While the Borana under Birmaje was raiding Shewa and Damot, the Barentu trekked north. Of the other Barentu groups, the Warantisha had already started spreading out along the valley of the Walaqa rivers, in southern Bete Amhara and in Gedem and the Karrayu spread throughout Amhara and Angot. Of the numerous Karrayu groups, the "seven houses" of Wollo had started to establish themselves in the southeastern section of the Bete Amhara province, the Wollo Oromo settled there and gave their name to the province. A section of the Wollo Oromo raided the Muslim region of Aussa where they defeated and killed Muhammad Gasa, a descendant of Ahmad Gragn.

====Conquests of Mul'eta (1586–1594)====
Under luba Mul'eta a large raid (Oromo: dulaguto) was made on Gojjam north of the Blue Nile. With the Ottoman situation in the north largely under control, Sarsa Dengel again took the initiative against the Oromo in the south, where he forced the Dawé (or Jawé) Oromo in Wej to flight. Despite this, the Oromos under Mul'eta would win spectacular victories and waged war in all directions. According to Bahrey, the Ethiopians suffered repeated defeats and lost all of their southern provinces during the period of the Mul'eta gada.

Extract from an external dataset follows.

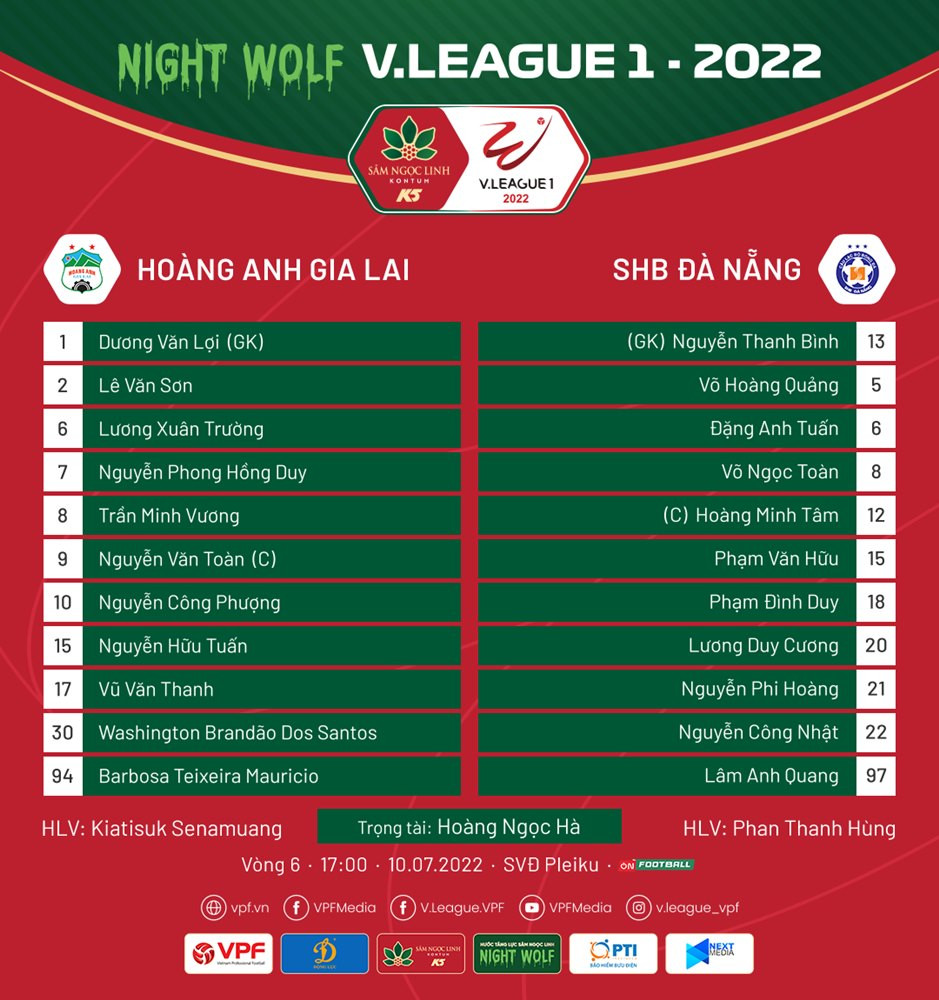 HLV Kiatisuk cất giữ Tuấn Anh trên băng ghế dự bị, cặp tiện về trung tâm của HAGL ở trận tiếp đón SHB Đà Nẵng là Xuân Trường - Minh Vương. Băng đội trưởng ở trận đấu này được nhà cầm quân người Thái Lan trao cho tiền đạo Văn Toàn.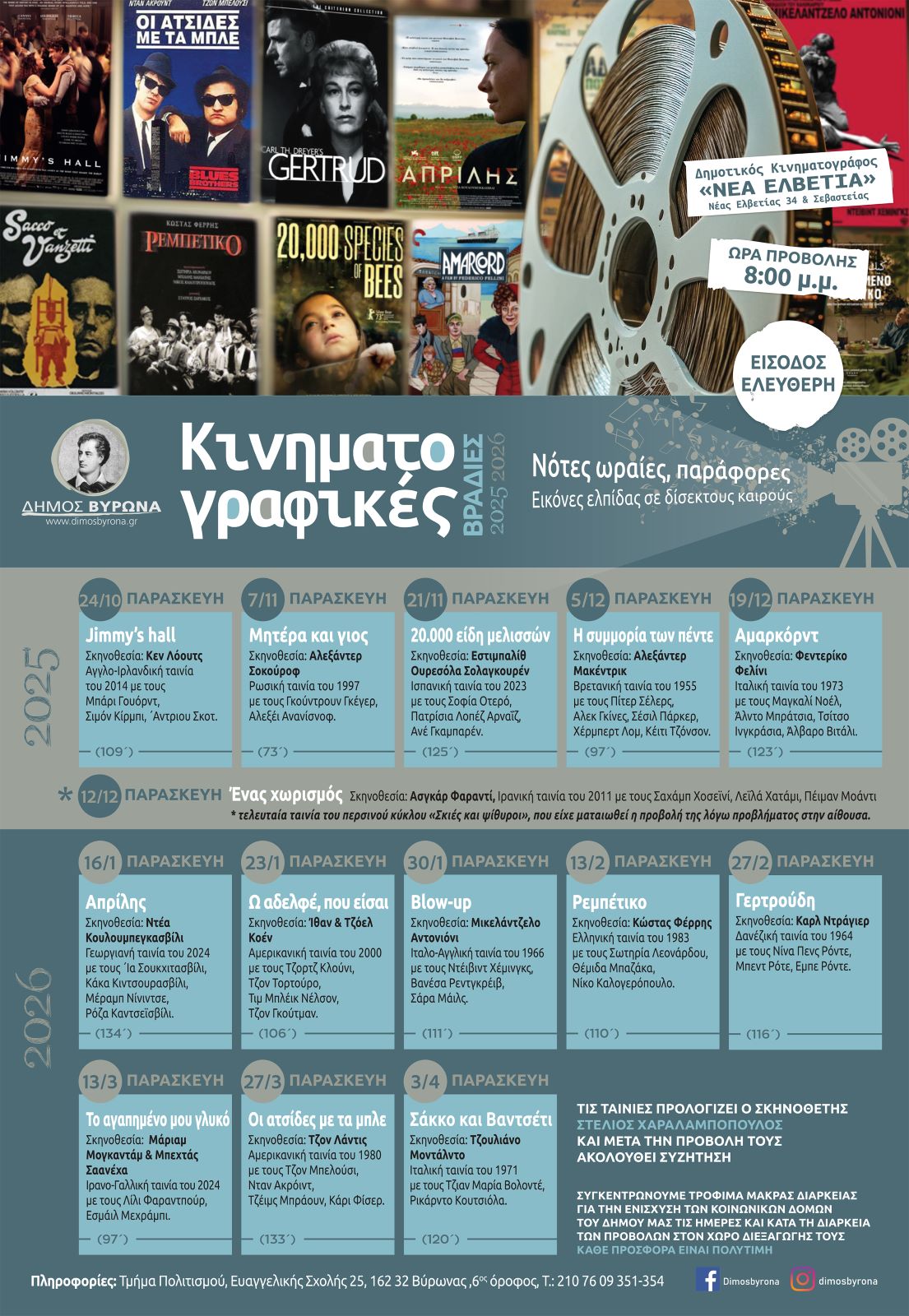 Συνεχίζονται οι Κινηματογραφικές βραδιές του Δήμου Βύρωνα με το νέο κύκλο προβολών:«Νότες ωραίες, παράφορες» Εικόνες ελπίδας σε δίσεκτους καιρούς, την Παρασκευή 27.3.2026, με την προβολή της ταινίας Οι ατσίδες με τα μπλε.

Mulata of the Borana afflicted the Christians of Damot, scattered them, and devastated their country; from his time Shewa and Damot were deserted ... The country submits to him, Mulata, and none remains without submission to him. When this book was written it was the seventh year [i.e. 1593] of the government of Mulata.
— Abba Bahrey

Sarsa Dengel's response included both military retaliation and settlement policies. In the twenty-fifth year of his reign, somewhere around 1588, he marched towards Qwara and destroyed most of the Werentesa, an Oromo tribe that does not seem to have survived as such in subsequent years. However, not all the Oromo groups that had made it up to the northern frontier suffered the same fate; those that had advanced into Amhara territory were slowly absorbed into the Christian population of Gojjam and Begemeder, and some other groups withdrew towards Shewa. On the other hand, in the territories that he had subjugated in Gojjam and Dembiya, Sarsa Dengel is alleged to have given uncultivated and abandoned lands to Oromo settlers and facilitated their mixing up with the Christian populace, a policy his successors Susenyos and Iyasu I later continued on a larger scale.

===17th century===
====Ethiopian Empire====
During the first half of the 17th century, invasions by different pastoralist Oromo groups were a permanent menace to the Ethiopian Empire. About 1617, the Oromos attacked Begemder and Gojjam, which were central regions of the empire. Between 1620 and 1660, the Ethiopian emperors had to defend different parts of their territory but could not stop to the waves of advancing Oromo groups. The Tulama expanded from Shewa into Amhara and the Wallo and Azebo overran Angot, parts of Amhara and Waj, Begemder, and Tigre. In 1642 the eastern Oromo nearly annihilated the Ethiopian army from Tigray. Under the reign of emperors Fasiladas and Yohannes II, the Oromo seem to have been virtually unrestrained in their expansion. During his visit to Abyssinia in the 1600s, the Yemeni ambassador Al-Haymī remarked that the Oromo were similar to the Mongols.

A significant shift in Ethiopian–Oromo relations came under Emperor Susényos (r. 1606–1632), who had grown up among the Oromo, spoke their language and knew their way of life. He employed Oromo fighters, military tactics and combat formations against his rivals for the throne, and once in power filled high-level offices with Oromo supporters. He settled various Oromo groups in both Gojjam and Begemder to defend his empire from attacks by other Oromo groups, and many of these converts to Orthodox Christianity became permanently assimilated into highland Ethiopian society. The Begemder settlement in particular was formed as a consequence of civil warfare, not just defensive strategy. In his campaign for the throne against the rival faction headed by Ras Za Sellase, Susenyos instructed his own troops, together with an Oromo military force, to destroy the region of Begemder three times because its regiments had refused to submit to him, putting their children to death, capturing women and cattle, and burning down their dwellings; after that destruction, he stationed his Oromo troops on the emptied land.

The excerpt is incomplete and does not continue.